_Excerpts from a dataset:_
_ _ _ _ _

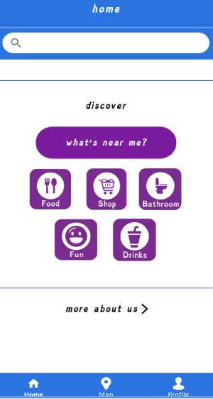After the account is set up, the user is automatically taken to the home page. Here, you can discover new places near you. You can also tap "more about us" and read our mission statement, as well as learn more about the Dylexiefont.
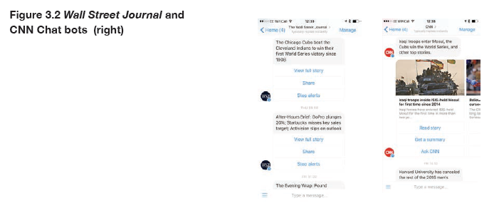 Chatbots are artificially intelligent programmes that interact with people through messaging apps like Facebook Messenger, WhatsApp, Kik, or Line. Publishers are interested because these platforms have almost as many users as social networks, though very few are currently using these for news. In April, Facebook opened up its Messenger platform to let publishers (and brands) interact with its one billion active users. Because Messenger is an app, it is also possible for publishers to use this mechanism to deliver alerts direct to the lockscreen on Apple or Android devices. Subscribers to CNN receive a daily digest of top stories right within the Messenger interface (see Figure 3.2). The bot can also recommend personalised content based on a user’s preferences and learned interests or it can hold a conversation with a user about an ongoing story.
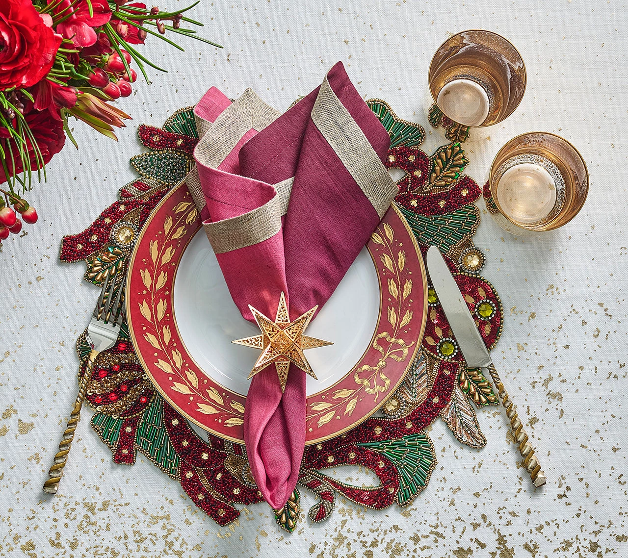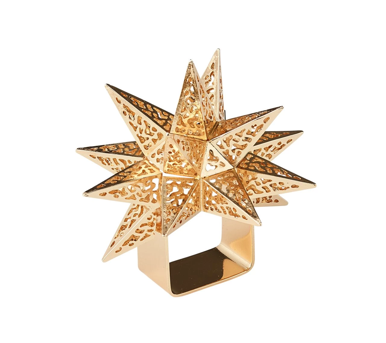 True to its name, the Stardust Napkin Ring imitates refractory dust grains emitted from cooling stars. The cast, three-dimensional gold Stardust Napkin Ring features delicate filigree. This intergalactic festive napkin ring will make the holiday table shine.
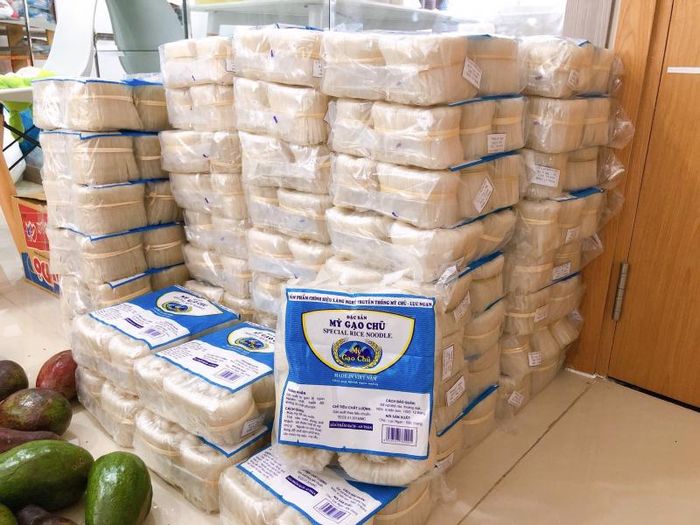 Chũ Noodles are thinly spread like rice paper, air-dried, then moistened slightly to achieve a sour taste. They are cut into strands like pho noodles, air-dried again, and bundled into small packs. The meticulous production process imparts a distinctively fragrant and chewy quality to Chũ Noodles. Best enjoyed in hotpot dishes.
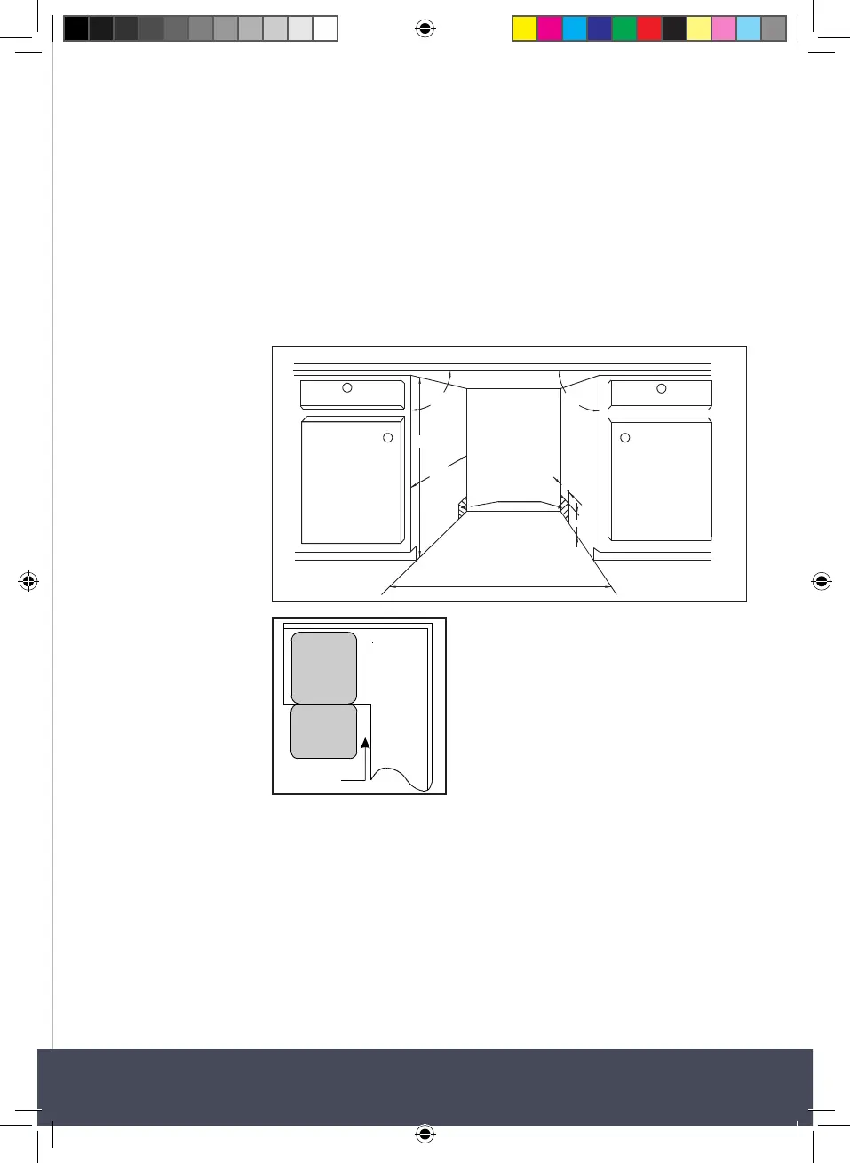 Illustrations of cabinet dimensions and installation position of the dishwasher.

_ _ _ _ _

_Task item:_ Write out the data above in full and exactly, but not the pictures.

_Task answer:_
After the account is set up, the user is automatically taken to the home page. Here, you can discover new places near you. You can also tap "more about us" and read our mission statement, as well as learn more about the Dylexiefont.
 Chatbots are artificially intelligent programmes that interact with people through messaging apps like Facebook Messenger, WhatsApp, Kik, or Line. Publishers are interested because these platforms have almost as many users as social networks, though very few are currently using these for news. In April, Facebook opened up its Messenger platform to let publishers (and brands) interact with its one billion active users. Because Messenger is an app, it is also possible for publishers to use this mechanism to deliver alerts direct to the lockscreen on Apple or Android devices. Subscribers to CNN receive a daily digest of top stories right within the Messenger interface (see Figure 3.2). The bot can also recommend personalised content based on a user’s preferences and learned interests or it can hold a conversation with a user about an ongoing story.
 True to its name, the Stardust Napkin Ring imitates refractory dust grains emitted from cooling stars. The cast, three-dimensional gold Stardust Napkin Ring features delicate filigree. This intergalactic festive napkin ring will make the holiday table shine.
 Chũ Noodles are thinly spread like rice paper, air-dried, then moistened slightly to achieve a sour taste. They are cut into strands like pho noodles, air-dried again, and bundled into small packs. The meticulous production process imparts a distinctively fragrant and chewy quality to Chũ Noodles. Best enjoyed in hotpot dishes.
 Illustrations of cabinet dimensions and installation position of the dishwasher.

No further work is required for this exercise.